La multiplication des robots et objets connectés peut-elle entraîner une marginalisation de l’homme dans la société ?

Les deux questions sont très différentes. En eux-mêmes, les objets connectés ne sont pas très innovants. Ce ne sont pas de nouvelles technologies, mais une extension du domaine du Web, que nous connaissons déjà. Le frigo, la voiture connectés… cela ne construit pas un nouveau monde. Du côté de la robotique, il y a des questions plus émergentes, plus passionnantes. Prenez par exemple le nombre des personnes âgées dans le monde développé : il n’y aura pas assez de jeunes gens pour s’occuper de toutes les personnes âgées qui nécessitent des soins fatigants et intenses. On peut donc penser que des robots vont se multiplier pour prodiguer ces soins et tenir compagnie aux plus âgés. Ce qui pose une question d’éthique : est-ce une atteinte à la dignité des personnes âgées que de les confier à des mains de métal ? Vous-même, souhaitez-vous que des machines vous tiennent compagnie en fin de vie ?

En quoi la philosophie est-elle encore utile dans un monde de l’instantané et de la rentabilité à tout prix ?

La philosophie n’est pas vraiment utile, au sens où le serait un ouvre-bouteille. La philosophie donne des outils pour réfléchir, mais elle n’est pas elle-même un outil. Je dirais les choses ainsi : si vous vous posez des questions essentielles sur le sens de la vie, et que vous n’avez pas envie d’en parler à un psy ni à un curé (ou un imam), la philosophie est faite pour vous.

Une société où tous les faits et gestes de chacun sont potentiellement tracés est-elle encore humaine ?
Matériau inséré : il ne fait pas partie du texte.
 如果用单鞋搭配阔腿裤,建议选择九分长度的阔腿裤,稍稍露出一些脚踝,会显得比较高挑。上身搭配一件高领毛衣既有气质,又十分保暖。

Il faudrait pouvoir s’appuyer sur une définition précise de l’humain pour définir ce qui l’est et ce qui ne l’est pas ! Ce qui est certain, c’est que nous risquons, avec nos objets connectés et nos assistants électroniques, d’être entourés d’applications qui optimisent notre mode de vie – notre régime alimentaire, notre sommeil, nos trajets, nos loisirs, notre emploi du temps… Mais l’optimisation, si elle étend sa logique à toutes les sphères de l’existence, finit par être insupportable. Nous avons aussi besoin de poches de liberté, d’excès et d’incohérence.
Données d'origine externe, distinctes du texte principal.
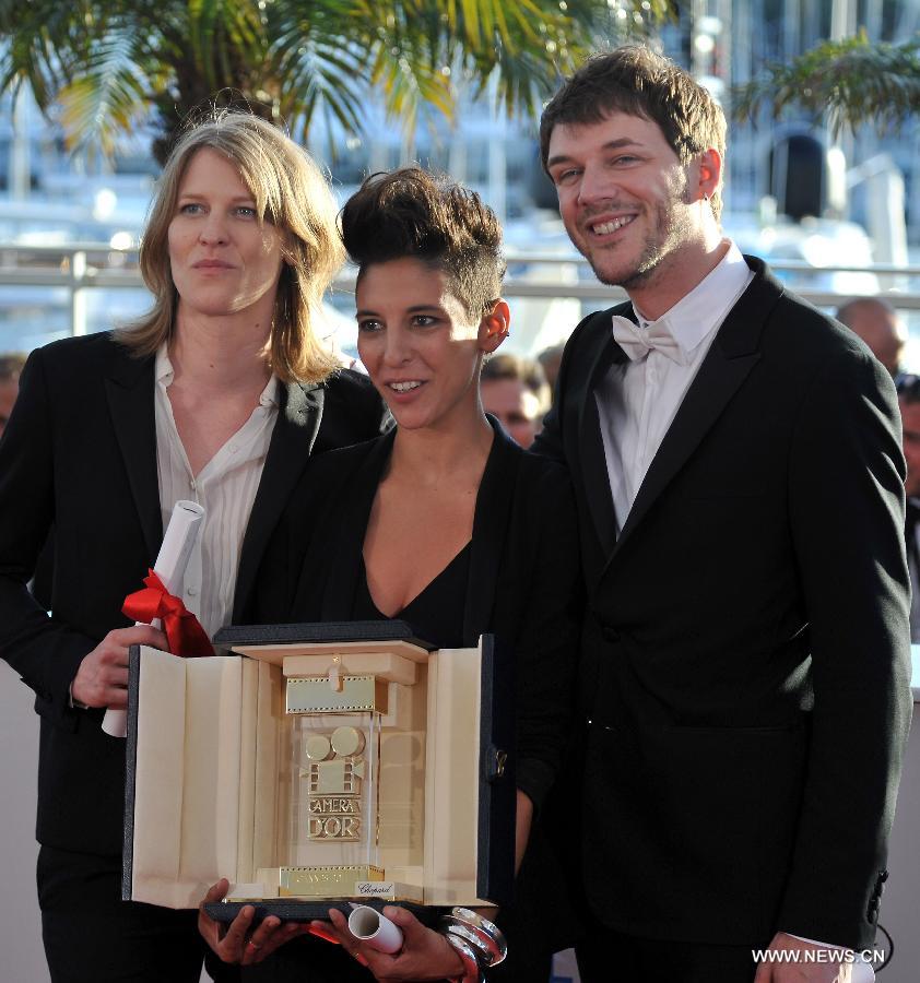 French directors Marie Amachoukeli, Claire Burger and Samuel Theis (L to R) present the Camera d'Or prize of the 67th Cannes Film Festival for the film Party Girl, in Cannes, France, May 24, 2014.(Xinhua/Chen Xiaowei)

Dans votre dernier ouvrage intitulé « Ce qui nous relie », vous évoquez vos entretiens avec le milliardaire Peter Thiel. Quel regard portez-vous sur les thématiques transhumanistes ?  
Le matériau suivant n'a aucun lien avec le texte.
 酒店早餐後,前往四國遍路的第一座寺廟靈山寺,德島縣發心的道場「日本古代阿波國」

Le transhumanisme propose de lever toutes les contraintes juridiques ou éthiques que l’on fait peser sur l’intervention sur l’humain, afin d’accroître la durée de vie. C’est un programme rationnel, et je dois dire que je suis partagé. Rationnellement, je ne vois pas pourquoi on s’interdirait des thérapies qui permettent de vivre plus longtemps. C’était déjà le voeu de Descartes et la mission qu’il assignait à la technique. Mais affectivement, je suis attaché au caractère tragique de la condition humaine, à sa finitude, à une certaine vulnérabilité de nos corps. Du point de vue politique, de plus, le problème de savoir qui on autorise à agir sur le génome humain, par exemple, ou qui possède les données biométriques des citoyens, est aussi très embarrassant. Le transhumanisme est une idéologie qui propose d’accélérer pied au plancher, dans un domaine où il convient de progresser avec la plus grande prudence, donc de rester en première. Ce qui est de toute façon exclu, car cela ne s’est jamais vu dans l’histoire des sciences et des techniques, c’est la marche arrière.